Spitzer-IRAC GLIMPSE of high mass protostellar objects. I Infrared point sources and nebulae

TL;DR

This study uses Spitzer-IRAC data to analyze high-mass protostellar objects, revealing their infrared properties, nebulae morphologies, and supporting models of ongoing accretion in massive star formation.

Contribution

It provides detailed infrared characterization of HMPOs, identifies their nebulae morphologies, and supports models of continued accretion in massive star formation.

Findings

75% of sources show compact nebulae with UCHII-like morphologies

Spectral indices indicate dense envelopes around protostars

Infrared counterparts suggest YSOs with 8-20 solar masses in Class I stage

Abstract

The GLIMPSE archive was used to obtain 3.6--8.0micron, point source photometry and images for 381 massive protostellar candidates lying in the Galactic mid-plane. The colours, magnitudes and spectral indicies of sources in each of the 381 target fields were analysed and compared with the predictions of 2D radiative transfer model simulations. Although no discernable embedded clusters were found in any targets, multiple sources or associations of redenned young stellar objects were found in many sources indicating multiplicity at birth.

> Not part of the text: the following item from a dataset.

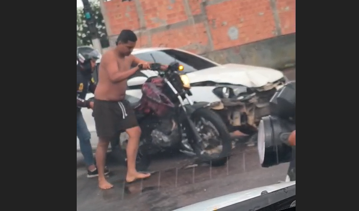 Testemunhas relataram que a motocicleta possuía escapamento alterado e circulava em velocidade acima do permitido. Um vídeo registrado no local mostra o momento da colisão. Os dois jovens na moto não usavam capacete e sofreram ferimentos.
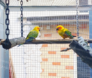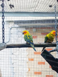 Disponibile coppia di Conuri del sole 2025, anellati, con cites e sessaggio. Possibilità di prenderli con gabbia da cova da 120

The spectral index ($\alpha$) of these point sources in 3.6--8.0mum bands display large values of $\alpha$=2--5. A color-magnitude analog plot was used to identify 79 infrared counterparts to the HMPOs. Compact nebulae are found in 75% of the detected sources with morphologies that can be well described by core-halo, cometary, shell-like and bipolar geometries similar to those observed in ultra-compact HII regions. The IRAC band SEDs of the IR counterparts of HMPOs are best described to represent YSOs with a mass range of 8--20\msun in their Class I stages when compared with 2D radiative transfer models. They also suggest that the high $\alpha$ values represent reprocessed star/star+disk emission that is arising in the dense envelopes. Thus we are witnessing the luminous envelopes around the protostars rather than their photospheres or disks. We argue that the compact infrared nebulae likely reflect the underlying physical structure of the dense cores and are found to imitate the morphologies of known UCHII regions. Our results favour models of continuuing accretion involving both molecular and ionised accretion components to build the most massive stars rather than purely molecular rapid accretion flows.